BRIEF ->
Set down the data below from its first line to the line holding "Cruise Control Module", inclusive; omit all pictures.

[Excerpts from a dataset]
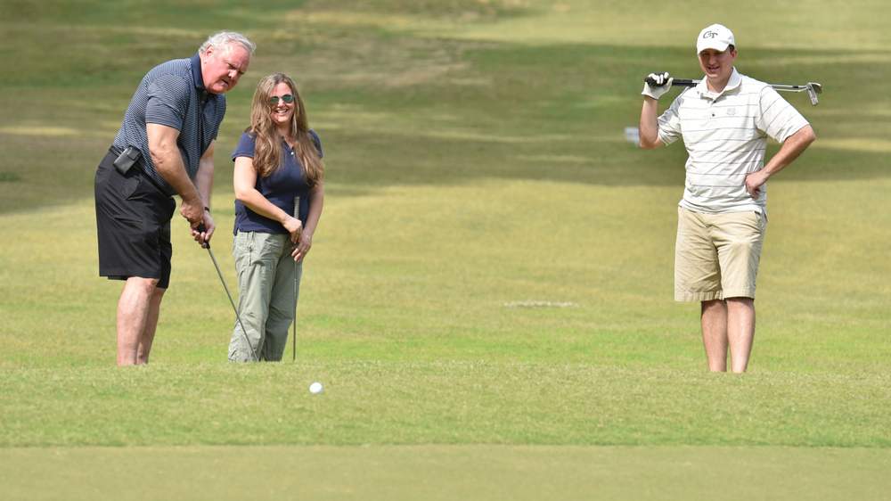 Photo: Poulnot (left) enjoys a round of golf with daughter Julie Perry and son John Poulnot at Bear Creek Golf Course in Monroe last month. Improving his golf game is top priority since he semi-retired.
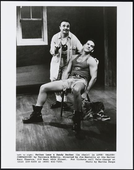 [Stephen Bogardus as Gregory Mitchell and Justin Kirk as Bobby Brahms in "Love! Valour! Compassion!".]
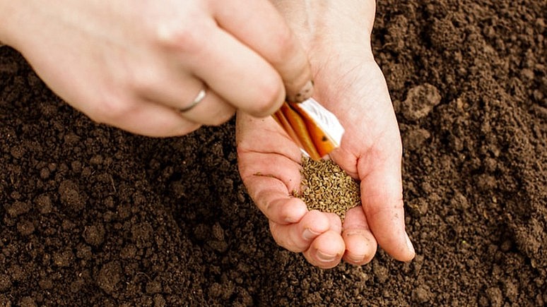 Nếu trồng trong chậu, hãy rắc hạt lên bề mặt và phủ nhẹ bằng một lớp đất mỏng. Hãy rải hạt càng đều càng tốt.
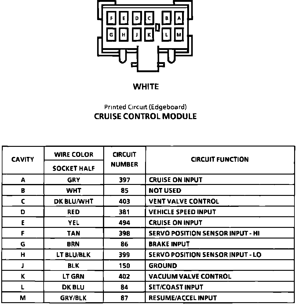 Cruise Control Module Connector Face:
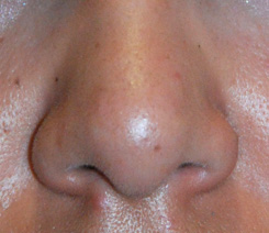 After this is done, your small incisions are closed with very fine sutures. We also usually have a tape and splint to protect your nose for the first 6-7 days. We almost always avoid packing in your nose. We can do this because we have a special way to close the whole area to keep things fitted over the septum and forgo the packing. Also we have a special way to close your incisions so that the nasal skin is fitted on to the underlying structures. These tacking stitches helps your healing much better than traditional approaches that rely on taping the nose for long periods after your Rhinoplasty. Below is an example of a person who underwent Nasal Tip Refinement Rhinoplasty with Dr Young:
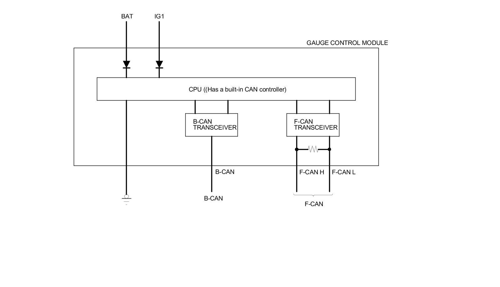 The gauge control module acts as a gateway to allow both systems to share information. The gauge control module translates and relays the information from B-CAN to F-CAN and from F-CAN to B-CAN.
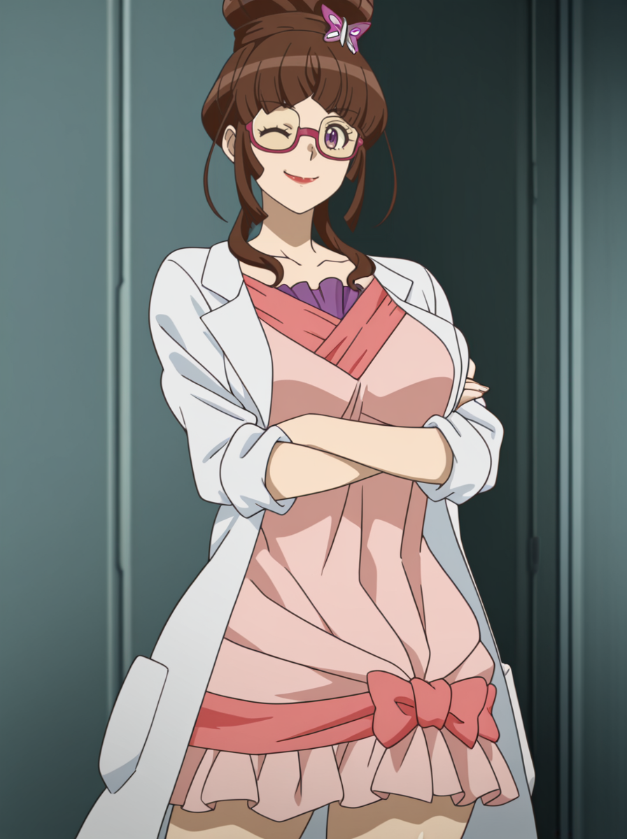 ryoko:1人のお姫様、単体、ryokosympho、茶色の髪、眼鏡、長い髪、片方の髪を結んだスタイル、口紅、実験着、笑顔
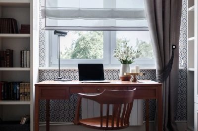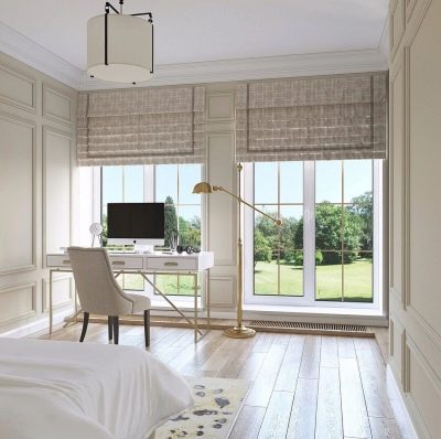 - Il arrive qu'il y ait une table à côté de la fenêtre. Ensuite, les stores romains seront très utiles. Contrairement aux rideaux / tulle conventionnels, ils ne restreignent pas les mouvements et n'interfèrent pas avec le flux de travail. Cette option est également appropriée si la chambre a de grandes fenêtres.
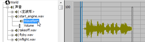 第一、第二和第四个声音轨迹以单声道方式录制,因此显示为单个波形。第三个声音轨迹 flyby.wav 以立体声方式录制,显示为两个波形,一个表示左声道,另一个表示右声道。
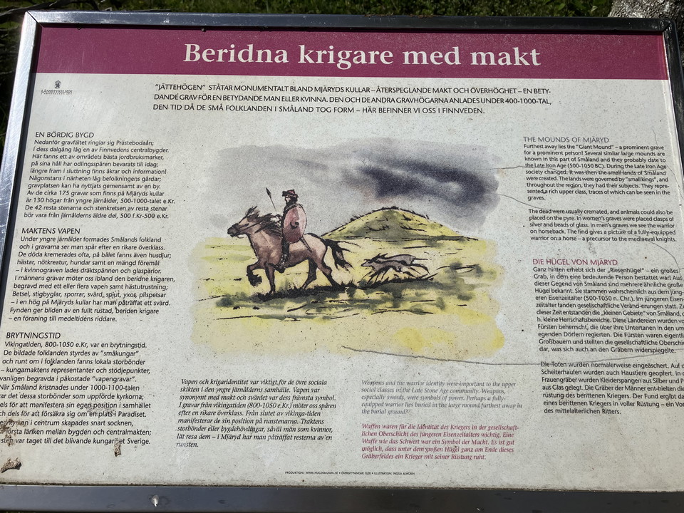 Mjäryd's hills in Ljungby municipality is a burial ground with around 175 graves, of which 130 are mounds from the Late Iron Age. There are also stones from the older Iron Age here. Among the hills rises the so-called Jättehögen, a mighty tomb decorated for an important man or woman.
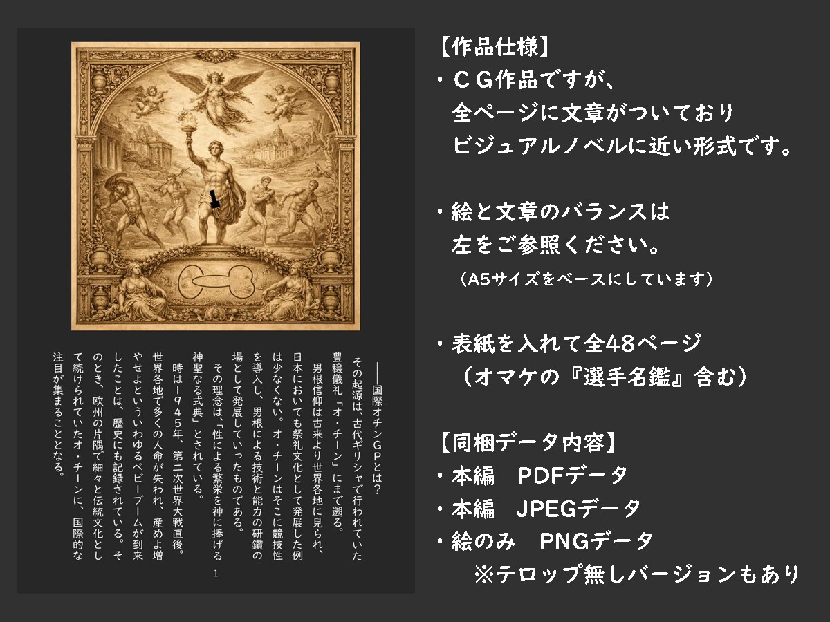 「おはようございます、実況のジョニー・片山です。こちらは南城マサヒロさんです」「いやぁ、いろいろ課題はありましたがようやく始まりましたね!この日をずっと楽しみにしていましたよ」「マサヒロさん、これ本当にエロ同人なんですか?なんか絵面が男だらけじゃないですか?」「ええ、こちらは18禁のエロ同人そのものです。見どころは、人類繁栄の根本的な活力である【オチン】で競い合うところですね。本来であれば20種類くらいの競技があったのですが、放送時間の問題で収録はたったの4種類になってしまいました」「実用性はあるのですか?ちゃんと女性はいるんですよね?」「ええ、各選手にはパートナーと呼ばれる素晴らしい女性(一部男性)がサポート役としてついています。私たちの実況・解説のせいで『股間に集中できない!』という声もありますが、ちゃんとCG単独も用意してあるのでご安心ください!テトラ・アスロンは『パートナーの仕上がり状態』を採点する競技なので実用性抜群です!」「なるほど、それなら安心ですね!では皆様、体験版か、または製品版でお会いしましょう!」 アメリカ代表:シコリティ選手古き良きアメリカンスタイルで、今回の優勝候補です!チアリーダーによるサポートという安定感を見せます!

RESULT FOR THIS TASK ->
 Photo: Poulnot (left) enjoys a round of golf with daughter Julie Perry and son John Poulnot at Bear Creek Golf Course in Monroe last month. Improving his golf game is top priority since he semi-retired.
 [Stephen Bogardus as Gregory Mitchell and Justin Kirk as Bobby Brahms in "Love! Valour! Compassion!".]
 Nếu trồng trong chậu, hãy rắc hạt lên bề mặt và phủ nhẹ bằng một lớp đất mỏng. Hãy rải hạt càng đều càng tốt.
 Cruise Control Module Connector Face:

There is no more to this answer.